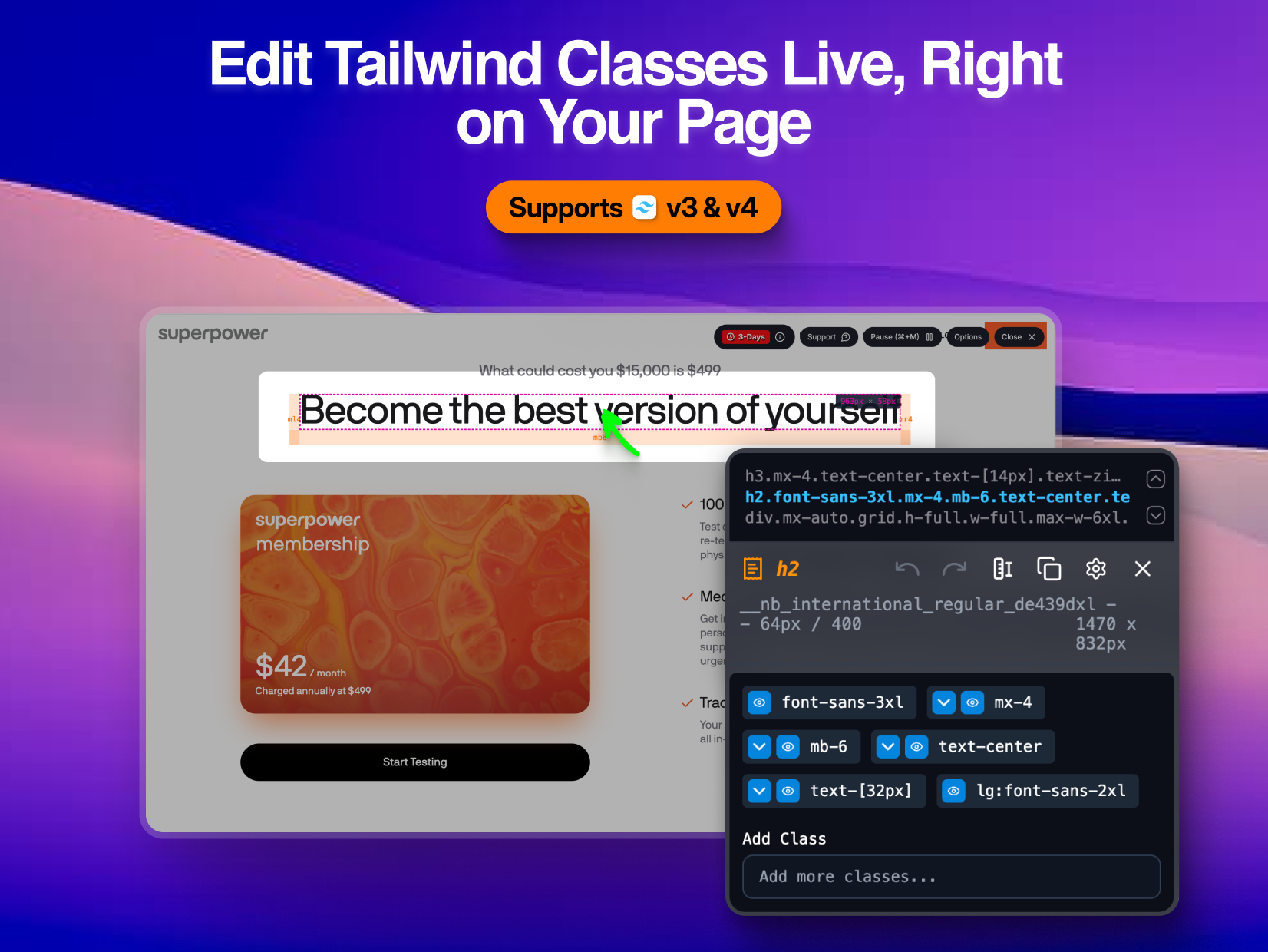 Tailwind editor in Browser. Inspect, edit, search any tailwind class, preview all changes in browser without switching to code editor
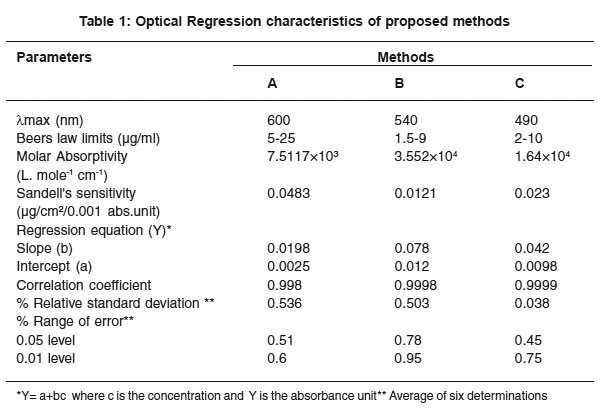 The developed methods are based on the formation of colored species by treating with Folin-Ciocalteau reagent (Redox reaction),8 3-methyl 2-benzathiazolinone hydrazone in the presence of Ferric chloride (Oxidative coupling)9 or 1, 10 Phenanthroline in presence of Ferric chloride (Oxidation followed by complexation).10
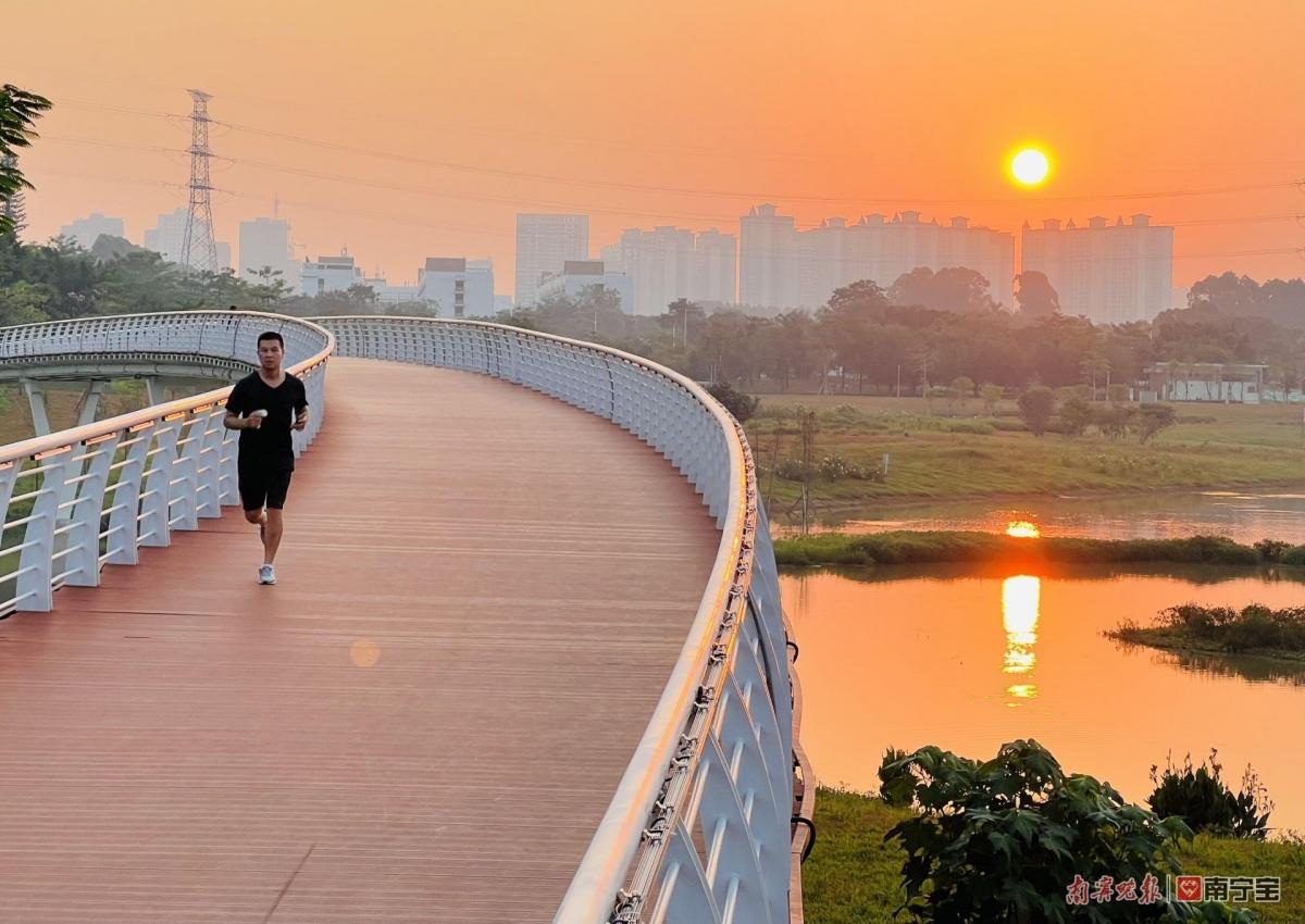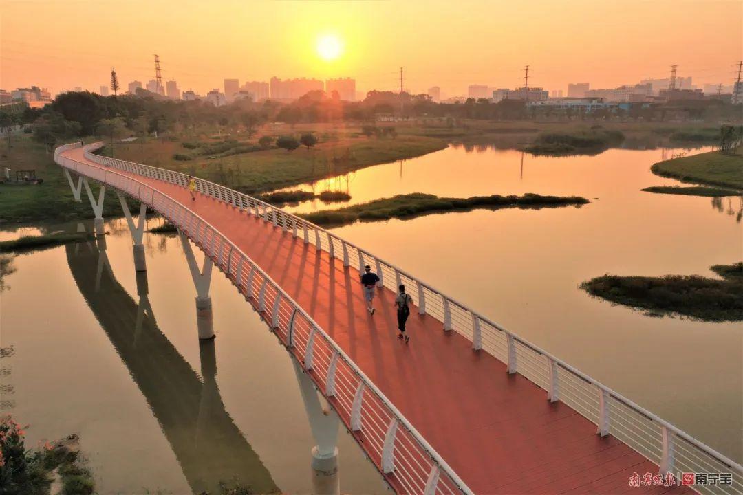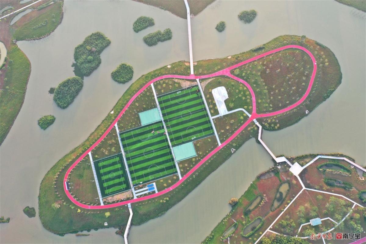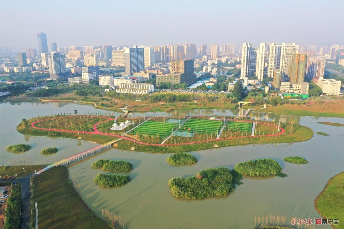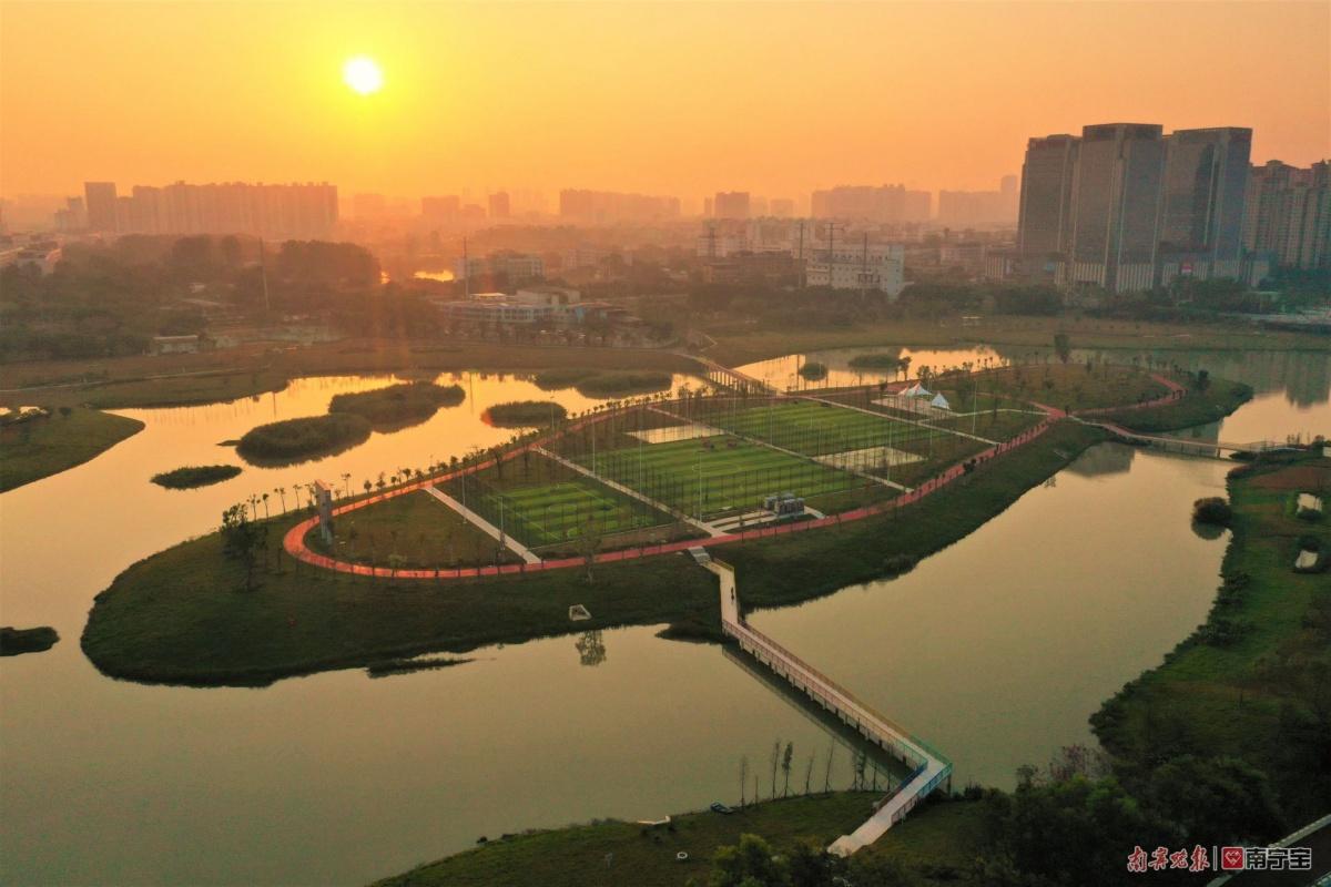 建成后的湖心岛,建有2个“7+1”人制足球场,1个“5+1”人制足球场,2个篮球场,800米环岛道路,市民可到岛上打球、跑步、观鸟等活动,丰富了休闲运动功能和亲水活动场景,提升了明月湖公园生态惠民品质,也为南宁市水环境治理积累和探索新的做法和经验。

────

• [YOUR ASSIGNMENT]:
For the data above, return an exact copy that contains no pictures.

• [ANSWER TO THE PROBLEM]:
 Tailwind editor in Browser. Inspect, edit, search any tailwind class, preview all changes in browser without switching to code editor
 The developed methods are based on the formation of colored species by treating with Folin-Ciocalteau reagent (Redox reaction),8 3-methyl 2-benzathiazolinone hydrazone in the presence of Ferric chloride (Oxidative coupling)9 or 1, 10 Phenanthroline in presence of Ferric chloride (Oxidation followed by complexation).10
 建成后的湖心岛,建有2个“7+1”人制足球场,1个“5+1”人制足球场,2个篮球场,800米环岛道路,市民可到岛上打球、跑步、观鸟等活动,丰富了休闲运动功能和亲水活动场景,提升了明月湖公园生态惠民品质,也为南宁市水环境治理积累和探索新的做法和经验。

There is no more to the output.